Both figures looked up, the taller immediately gesturing for her to come into the outer office. She knew it was Daniel even if she couldn’t see his blond hair and plastic-framed glasses through the thick helmet. He was the closest thing to an elf she’d seen since moving out here, and it bothered her that she’d been drawn to his slim build and light hair like a junkie.
Acknowledging him, she punched in the four-digit code to his door lock and entered his office. Only one window now separated them, and smiling, she went to the communication panel, as familiar with his office as her own. “Hi, Daniel,” she said, making sure her cleavage wasn’t showing as she leaned over the mic. “How long until you’re done?”
Daniel turned from his setup, fingers clumsy in the one-size-fits-all glove. “Trisk? What can I do for you this morning?”
Stifling another yawn, she raised her wrist and tapped her watch. “It’s noon. We have a plate of mac and cheese upstairs waiting for us. You promised.”
“Noon?” Daniel turned to his assistant. “Larry, why didn’t you tell me it was that late?”
“Sorry, Doctor.” Larry’s sour voice came faintly over the open channel. “I thought you were going to skip lunch. Again.”
Trisk hid a smile at the faint accusation in the man’s voice, but Daniel was known to forget to eat lunch. Go home at the end of the day. Have a life. She made a mental note to set aside a piece of cake for Larry as well.
“Oh, jeez . . .” Daniel turned back to Larry, clearly not wanting to leave him to work alone. “Trisk, can you give us another five minutes?”
“Just go,” the assistant said in resignation. “I can finish this myself. Probably faster than with your help, even.”
“Thanks, Larry. I appreciate that.”
Trisk rocked back as Daniel gave Larry some last instructions, moving slowly and awkwardly to the decontamination room. Knowing it would take him some time to work through the SOP, Trisk settled herself at Daniel’s terminal and punched in his password.
Fingers moving adroitly over the keyboard, she brought up the latest coding for the protein coat around the tactical virus he was working with. Again, she glanced at Daniel, his helmet off now as he closed his eyes against the glare of the decontamination light and scrubbed at his scalp as if he were in the shower. Returning to the screen, she compared the code to the one hand-printed on a scrap of paper she took from her pocket.
Perfect. Her last tweak to his work had taken. Now, even if his tactical virus should be deployed, it would have no effect whatsoever on her people.

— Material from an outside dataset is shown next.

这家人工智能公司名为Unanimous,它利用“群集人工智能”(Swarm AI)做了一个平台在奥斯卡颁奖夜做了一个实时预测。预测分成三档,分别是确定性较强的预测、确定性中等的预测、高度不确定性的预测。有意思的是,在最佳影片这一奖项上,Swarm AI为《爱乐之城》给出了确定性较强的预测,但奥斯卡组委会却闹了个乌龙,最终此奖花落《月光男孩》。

They were invisible to it. Ghosts.
Reaching out a sliver of her awareness, she touched her mind to the nearest ley line, squirming when the broken feel of it eased into her. The lines were fractured on the West Coast due to the constant mini-quakes. Both the movement and the slippery feel to the lines were big reasons why all the elven labs were east of the Mississippi, and though their vagrant feel still gave her the willies, she’d gotten better at using them the last couple of years.

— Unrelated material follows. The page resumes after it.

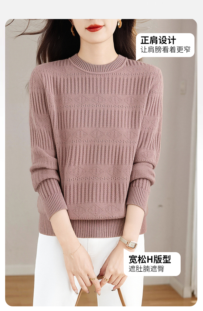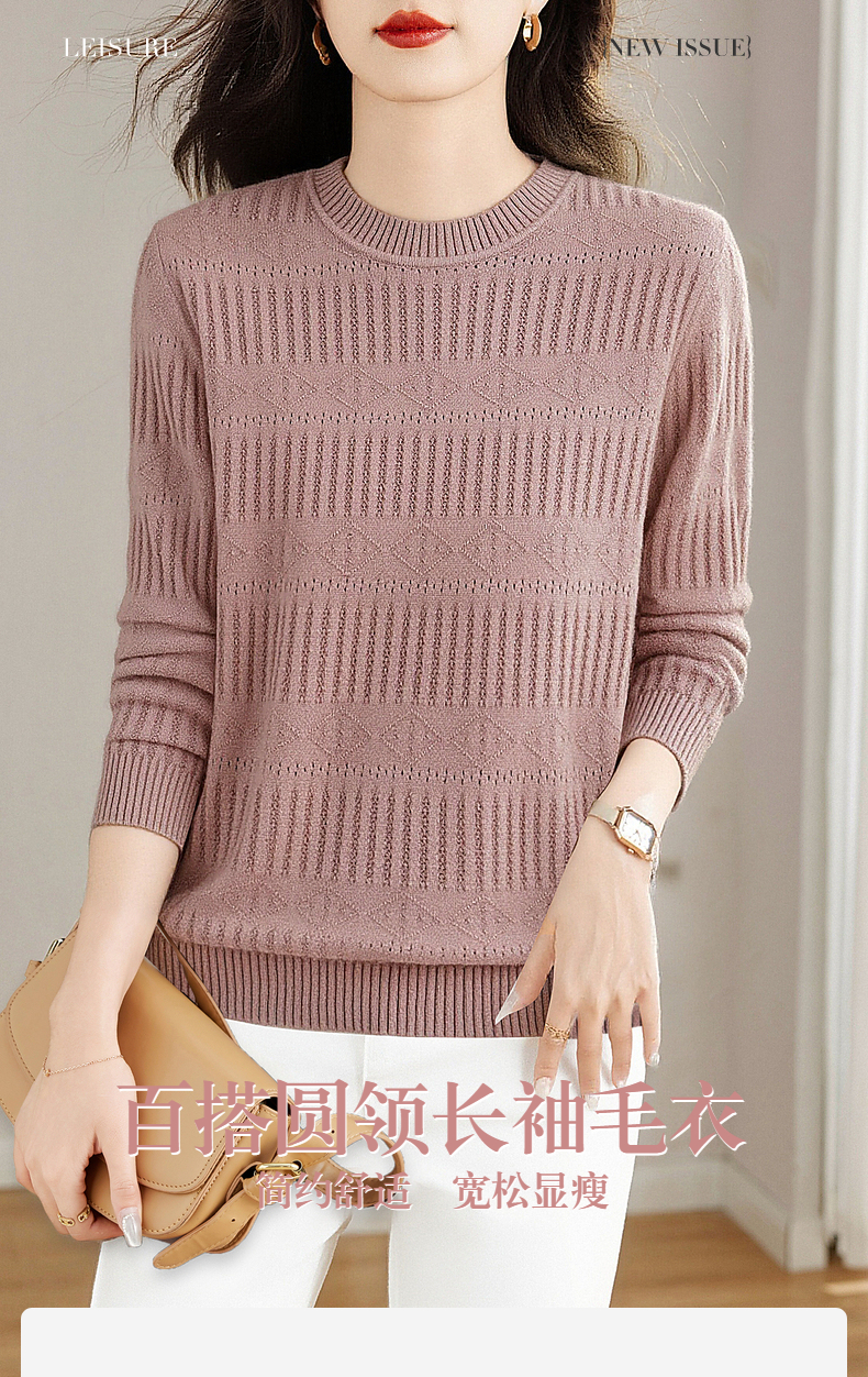 大码毛衣女秋冬季圆领打底衫宽松显瘦套头针织衫女士长袖上衣洋气

Tightening her grip on the one running through Sacramento, she channeled the slip of energy through her, supplementing her body’s natural energy. “Flagro,” she whispered to direct the influx of tingly power going into her hands.
The paper with its incriminating message of A’s, G’s, T’s, and C’s burst into flame, consumed so quickly it didn’t even singe her fingers.

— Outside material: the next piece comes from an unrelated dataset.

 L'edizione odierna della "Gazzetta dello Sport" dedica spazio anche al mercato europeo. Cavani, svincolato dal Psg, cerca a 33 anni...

Sighing in relief, she waved the smoke to nothing. It was done. Sa’han Ulbrine had been correct in that human genetic studies needed to be watched, and she’d first brought Daniel’s research to the enclave’s attention almost eighteen months ago. Sa’han Ulbrine had advised her to completely sabotage the tactical virus, even after she’d explained that its intent was to sicken, not kill. She’d argued that in a world focused on biological weapons instead of space exploration, this was the first time anyone had tried to develop a tactical virus instead of a lethal one. Success here, she argued, might turn other human labs in a similar nonlethal direction.
To her surprise, the political body of elves had listened to her petition, accepting her plan to adapt the outer protein coat of Daniel’s virus to make not just elves, but all paranormal species immune to it. That her research was being shared with every enclave-run lab in the states was heady. That the enclave had trusted her to complete the modifications before the virus went to live trials had worried her. Now that it was done, she was more than a little relieved.
Even to humans, the virus would do little harm, causing twenty-four hours of frightening skin eruptions, fatigue, and fever. Its effect was toxin-based, and with no host or natural carriers, it was short-lived and unable to reproduce outside of the lab. If the upcoming live tests went well, it would become the first of a proposed line of tactical biological weapons designed to down anything from a plane to an entire city held by a foreign force.